=== INSTRUCTIONS FOR THE TASK ===
Could you repeat exactly the lines from the one containing "作為蘇寧陣營(yíng)中的" through the last line of the records, with no pictures?

○ ○ ○ ○ ○ ○ ○

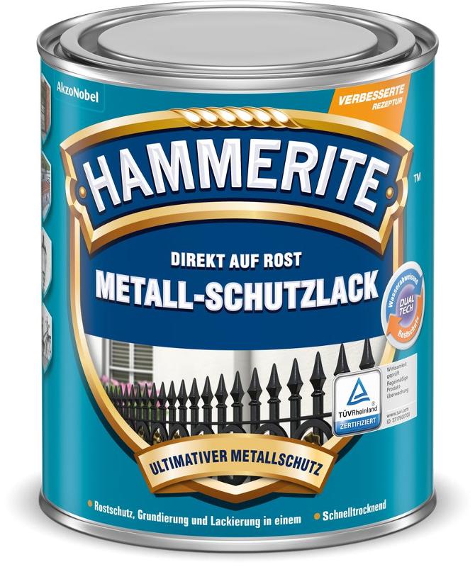 Der HAMMERITE Metallschutz-Lack in matt schwarz bietet eine hohe Leistung zum Schutz von Metalloberflächen vor Rost und Abnutzung. Er lässt sich direkt auf Rost auftragen, hat eine gute Deckkraft und trocknet schnell zu einer langlebigen, matten Oberfläche. Die Witterungs- und UV-Beständigkeit sorgt dafür, dass die Farbe auch nach längerer Zeit ansprechend bleibt.
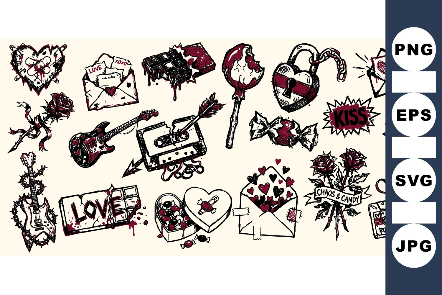 Hand Drawn Hearts Retro Cassette Clipart Valentine Punk Clipart Rock Music Graphics Love Themed Bundle Grunge Style Set Sketchy Rose Illustrations Candy And Chocolate Punk Romance Art Romantic Rock Elements
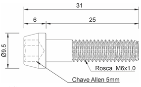 - 02 Parafusos em titânio M6 x 31 mm x passo 1,0 para Chave Allen 5mm.
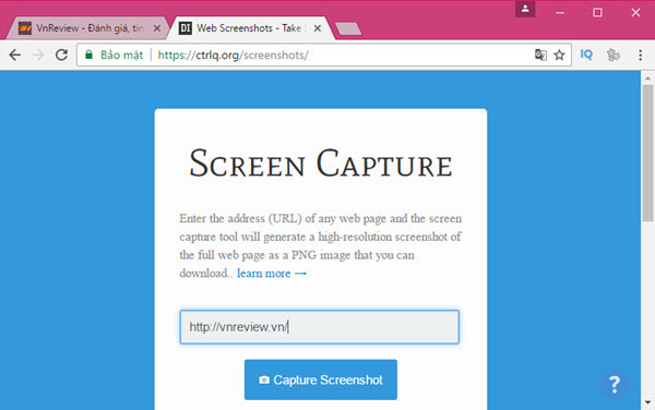 Đây là phương pháp chụp màn hinh website hay nhất trong trường hợp bạn không muốn cài đặt bất cứ thứ gì trên máy tính hoặc đang sử dụng một máy tính lạ nào đó. Website cung cấp công cụ này chính làctrlq.org và web-capture.net.
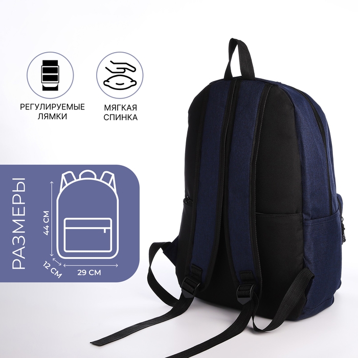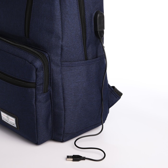 Рюкзак школьный из текстиля на молнии, 5 карманов, USB, цвет синий
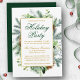 Watercolor Greenery Pine Holiday Party Gold Invitation
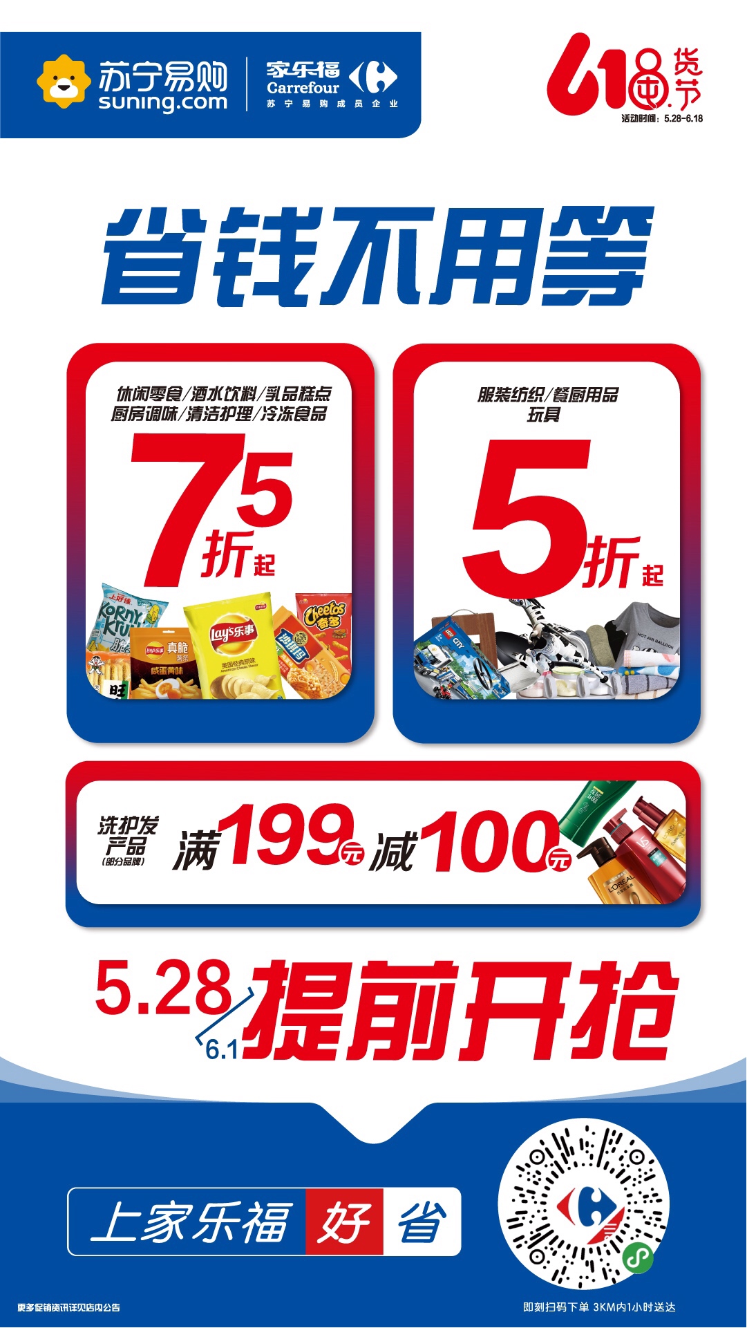 作為蘇寧陣營(yíng)中的排頭兵、蘇寧大快消產(chǎn)業(yè)的核心部分,家樂(lè)福率先出戰(zhàn)。為了給消費(fèi)者提供充足時(shí)間選擇心儀的商品,家樂(lè)福618囤貨節(jié)即將拉開帷幕,讓消費(fèi)者盡享“618省錢不用等”的升級(jí)購(gòu)物體驗(yàn)。
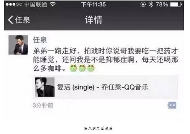 而乔任梁,就是在去年被诊断为抑郁症的。公司不会对外宣传,乔任梁才28岁大好的年纪那么要强的性格,除非快受不了了,他不会说太多的。
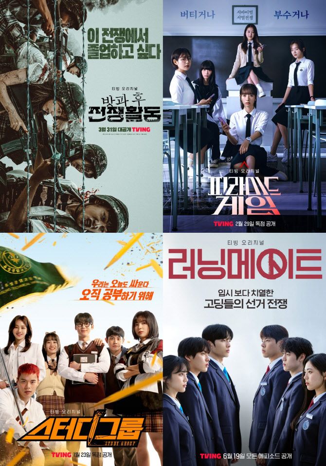 티빙오리지널'러닝메이트'오는19일공개[이데일리스타in최희재기자]학원물맛집티빙이‘러닝메이트’를선보인다.(사진=티빙)오는19일공개되는티빙오리지널‘러닝메이트’(연출·극본한진원,제작빌리언스플러스,에이스메이커스튜디오,러닝메이트문화산업전문유한회사,제공티빙)는불의의사건으로전교생의놀림감이된노세훈(윤현수분)이학생회장선거의부회장후보로지명되면서온갖권모술수를헤치고당선을향해달려가는하이틴명랑정치드라마다.치열한고등학교학생회장선거속청춘들의끓어오르는욕망과희로애락,그속에서빛나는우정과따뜻한성장스토리가색다른재미를선사할것으로기대된다.그동안티빙은‘방과후전쟁활동’,‘피라미드게임’,‘스터디그룹’등기존학원물의틀을깨는파격적이고독창적인세계관,색다른소재의학원물을끊임없이선보이며큰반향을일으켰다.‘방과후전쟁활동’(연출성용일,크리에이터이남규,극본윤수,제공티빙,기획스튜디오드래곤,제작스튜디오드래곤·지티스트,원작네이버웹툰‘방과후전쟁활동’(글/그림하일권))은하늘을뒤덮은괴생명체의공격에맞서싸우기위해입시전쟁이아닌‘진짜전쟁’을시작한고3학생들의이야기를그린작품.원작의독창적인세계관에드라마만의오리지널리티를강화해한층스펙터클한‘K학원전쟁물’의진수를선보였다는호평이쏟아졌다.리얼하고스펙터클한영상은장르적쾌감을극대화했고,개연성을덧입힌인물들은‘멀티캐릭터물’의묘미를배가해열띤반응을불러일으켰다.개성강한3학년2반학생들을다채롭게변주한신예군단의활약에공개후한번도주간유료가입기여자수1위를놓치지않으며화제를모았다.센세이션을일으킨‘피라미드게임’(연출박소연,극본최수이,크리에이터이재규,제작필름몬스터·CJENM스튜디오스,제공티빙)은한달에한번비밀투표로왕따를뽑는백연여고2학년5반에서학생들이가해자와피해자,방관자로나뉘어점차폭력에빠져드는잔혹한서바이벌서열전쟁을담았다.‘사회의축소판’교실에서펼쳐지는예측불가한서열전쟁과치열한두뇌싸움,심리전까지다이내믹하게풀어내‘학원심리스릴러’라는새지평을열었다.무엇보다김지연,장다아,류다인,신슬기,강나언등파격적이고독창적인세계관에흡인력을더한신예들이큰사랑을받았다.코믹고교액션물의진수를선보인‘스터디그룹’(연출이장훈·유범상,극본엄선호·오보현,기획스튜디오드래곤,제작와이랩플렉스,제공티빙)은티빙표학원물의정점을찍은작품.공부하기위해싸움을선택한‘힘숨찐’윤가민(황민현분),그리고저마다의사연을가지고스터디그룹을지켜내려는학생들의‘단짠’성장기에더해진타격감짜릿한액션이카타르시스를안기며온라인을뜨겁게달궜다.황민현의재발견이라는호평도쏟아졌다.황민현은순수그자체인‘공부덕후’윤가민부터불의를참지않는반전의싸움실력을지닌‘힘숨찐(힘을숨긴찐따)’캐릭터의반전매력을확실하게살리며인생캐릭터를새로썼다.위트넘치면서도통쾌한액션에황민현의균형감있는연기가더해져장르적쾌감을배가했다.황민현을필두로한지은,차우민,이종현,신수현,윤상정,공도유등저마다의성장을통해시청자들에게통쾌함그이상의감동을일으킨청춘배우들의열연에도극찬이쏟아졌다.학원물에새로운해석을더해온티빙이이번에는‘학생회장선거’를전면에내세운‘러닝메이트’로성공계보를이어간다.미쳐야이기는,이기면진짜가되는선거전쟁속펼쳐지는긴장감넘치는갈등구조와흥미로운관계성은이제껏본적없는본격하이틴명랑정치드라마의탄생을기대케한다.무엇보다도‘기생충’공동각본가로오스카각본상을수상한한진원의연출데뷔작이라는점에이목이집중되고있다.‘방과후전쟁활동’,‘피라미드게임’,‘스터디그룹’등완성도높고색다른매력의학원물로불패신화를이어온티빙의신작이라는점역시기대를더한다.연기파신예들을발굴해온티빙에서또어떤라이징스타가탄생할지도놓칠수없는관전포인트다.‘러닝메이트’는오는19일티빙에서전편공개된다.최희재([email protected])Copyright©이데일리.무단전재및재배포금지.

○ ○ ○ ○ ○ ○ ○

=== ANSWER BOX ===
 作為蘇寧陣營(yíng)中的排頭兵、蘇寧大快消產(chǎn)業(yè)的核心部分,家樂(lè)福率先出戰(zhàn)。為了給消費(fèi)者提供充足時(shí)間選擇心儀的商品,家樂(lè)福618囤貨節(jié)即將拉開帷幕,讓消費(fèi)者盡享“618省錢不用等”的升級(jí)購(gòu)物體驗(yàn)。
 而乔任梁,就是在去年被诊断为抑郁症的。公司不会对外宣传,乔任梁才28岁大好的年纪那么要强的性格,除非快受不了了,他不会说太多的。
 티빙오리지널'러닝메이트'오는19일공개[이데일리스타in최희재기자]학원물맛집티빙이‘러닝메이트’를선보인다.(사진=티빙)오는19일공개되는티빙오리지널‘러닝메이트’(연출·극본한진원,제작빌리언스플러스,에이스메이커스튜디오,러닝메이트문화산업전문유한회사,제공티빙)는불의의사건으로전교생의놀림감이된노세훈(윤현수분)이학생회장선거의부회장후보로지명되면서온갖권모술수를헤치고당선을향해달려가는하이틴명랑정치드라마다.치열한고등학교학생회장선거속청춘들의끓어오르는욕망과희로애락,그속에서빛나는우정과따뜻한성장스토리가색다른재미를선사할것으로기대된다.그동안티빙은‘방과후전쟁활동’,‘피라미드게임’,‘스터디그룹’등기존학원물의틀을깨는파격적이고독창적인세계관,색다른소재의학원물을끊임없이선보이며큰반향을일으켰다.‘방과후전쟁활동’(연출성용일,크리에이터이남규,극본윤수,제공티빙,기획스튜디오드래곤,제작스튜디오드래곤·지티스트,원작네이버웹툰‘방과후전쟁활동’(글/그림하일권))은하늘을뒤덮은괴생명체의공격에맞서싸우기위해입시전쟁이아닌‘진짜전쟁’을시작한고3학생들의이야기를그린작품.원작의독창적인세계관에드라마만의오리지널리티를강화해한층스펙터클한‘K학원전쟁물’의진수를선보였다는호평이쏟아졌다.리얼하고스펙터클한영상은장르적쾌감을극대화했고,개연성을덧입힌인물들은‘멀티캐릭터물’의묘미를배가해열띤반응을불러일으켰다.개성강한3학년2반학생들을다채롭게변주한신예군단의활약에공개후한번도주간유료가입기여자수1위를놓치지않으며화제를모았다.센세이션을일으킨‘피라미드게임’(연출박소연,극본최수이,크리에이터이재규,제작필름몬스터·CJENM스튜디오스,제공티빙)은한달에한번비밀투표로왕따를뽑는백연여고2학년5반에서학생들이가해자와피해자,방관자로나뉘어점차폭력에빠져드는잔혹한서바이벌서열전쟁을담았다.‘사회의축소판’교실에서펼쳐지는예측불가한서열전쟁과치열한두뇌싸움,심리전까지다이내믹하게풀어내‘학원심리스릴러’라는새지평을열었다.무엇보다김지연,장다아,류다인,신슬기,강나언등파격적이고독창적인세계관에흡인력을더한신예들이큰사랑을받았다.코믹고교액션물의진수를선보인‘스터디그룹’(연출이장훈·유범상,극본엄선호·오보현,기획스튜디오드래곤,제작와이랩플렉스,제공티빙)은티빙표학원물의정점을찍은작품.공부하기위해싸움을선택한‘힘숨찐’윤가민(황민현분),그리고저마다의사연을가지고스터디그룹을지켜내려는학생들의‘단짠’성장기에더해진타격감짜릿한액션이카타르시스를안기며온라인을뜨겁게달궜다.황민현의재발견이라는호평도쏟아졌다.황민현은순수그자체인‘공부덕후’윤가민부터불의를참지않는반전의싸움실력을지닌‘힘숨찐(힘을숨긴찐따)’캐릭터의반전매력을확실하게살리며인생캐릭터를새로썼다.위트넘치면서도통쾌한액션에황민현의균형감있는연기가더해져장르적쾌감을배가했다.황민현을필두로한지은,차우민,이종현,신수현,윤상정,공도유등저마다의성장을통해시청자들에게통쾌함그이상의감동을일으킨청춘배우들의열연에도극찬이쏟아졌다.학원물에새로운해석을더해온티빙이이번에는‘학생회장선거’를전면에내세운‘러닝메이트’로성공계보를이어간다.미쳐야이기는,이기면진짜가되는선거전쟁속펼쳐지는긴장감넘치는갈등구조와흥미로운관계성은이제껏본적없는본격하이틴명랑정치드라마의탄생을기대케한다.무엇보다도‘기생충’공동각본가로오스카각본상을수상한한진원의연출데뷔작이라는점에이목이집중되고있다.‘방과후전쟁활동’,‘피라미드게임’,‘스터디그룹’등완성도높고색다른매력의학원물로불패신화를이어온티빙의신작이라는점역시기대를더한다.연기파신예들을발굴해온티빙에서또어떤라이징스타가탄생할지도놓칠수없는관전포인트다.‘러닝메이트’는오는19일티빙에서전편공개된다.최희재([email protected])Copyright©이데일리.무단전재및재배포금지.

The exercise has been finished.